More human labor will be needed overall

Kumar said that as the workforce changes and companies increasingly deploy AI agents at scale, engineers will shift from writing code to manage humans to developing software that manages agents.

“So this whole paradigm opens up more embrace of software, because you’re doing more for less, and when you do more for less, the adoption of software is going to go up,” Kumar said.

Kumar said that as AI brings down the cost of work, companies will absorb that productivity and have the ability to accomplish more. The demand of industries may change, but that doesn’t mean that companies will need fewer people, Kumar said.

“More things will be reimagined, and more human labor will be needed to supplement the AI digital labor,” Kumar said.

Okta CEO Todd McKinnon similarly told BI in an interview that demand for new products would outpace efficiency gains. As a result, he expects companies to hire more software engineers over the next few years.

It’s too early to know the true impact on jobs

Kumar isn’t entirely convinced by his counterargument to Anthropic’s CEO.

“I don’t know what’s the right answer, but I at least know that the model is going to change,” Kumar said.

Kumar reflects a broader sense of uncertainty in the tech industry, with company executives preaching the possibility of both outcomes.
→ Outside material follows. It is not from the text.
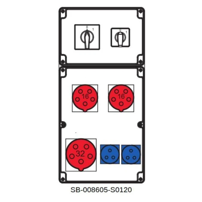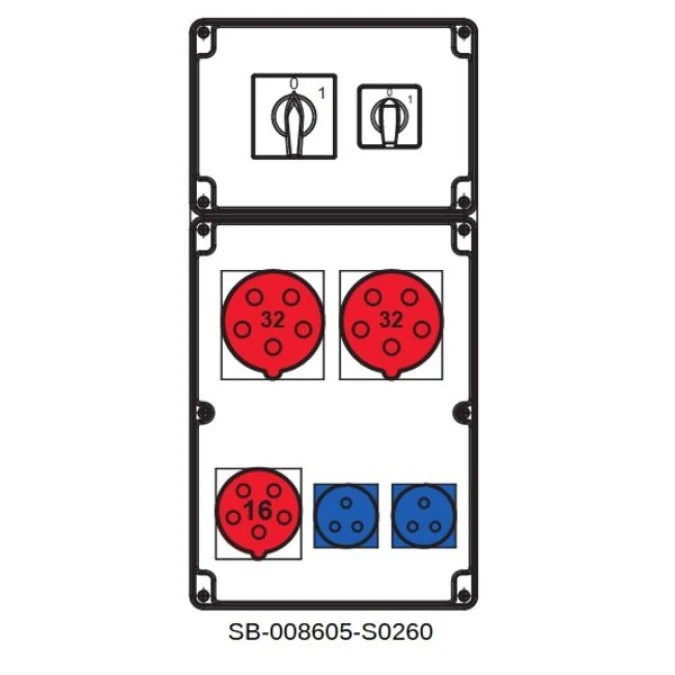 Rozdzielnica 0-1(32A) 0-1(16A) 2x5x32A 1x5x16A 2x3x16A INA=32A SB-008605-S0260-54

Klarna CEO Sebastian Siemiatkowski recently echoed Amodei’s warning and said AI may trigger a recession, predicting the replacement of some white-collar jobs. The payment company cut its workforce from about 5,500 to 3,000 people in the last two years as a result of an AI productivity boost, though it later dialed up human hiring again after a hiring freeze. Other companies, like Salesforce, have paused hiring engineers for the year following efficiency gains.

Other tech executives, like Google Cloud CTO Will Grannis, recently told BI that AI tools help provide entry-level workers with “superpowers” that allow them to perform better. An Amazon AI leader similarly said junior developers have the most to gain from AI tools.

While Kumar remains largely optimistic about the AI revolution, he said we should all be paranoid. In most periods of disruptive technology, there was one outcome that was seen as most likely, but in the era of AI, multiple outcomes are plausible.

“There’s no guarantee on one of the other,” Kumar said. “So, therefore, you should have the paranoia about what’s going to happen to us and the world around us.”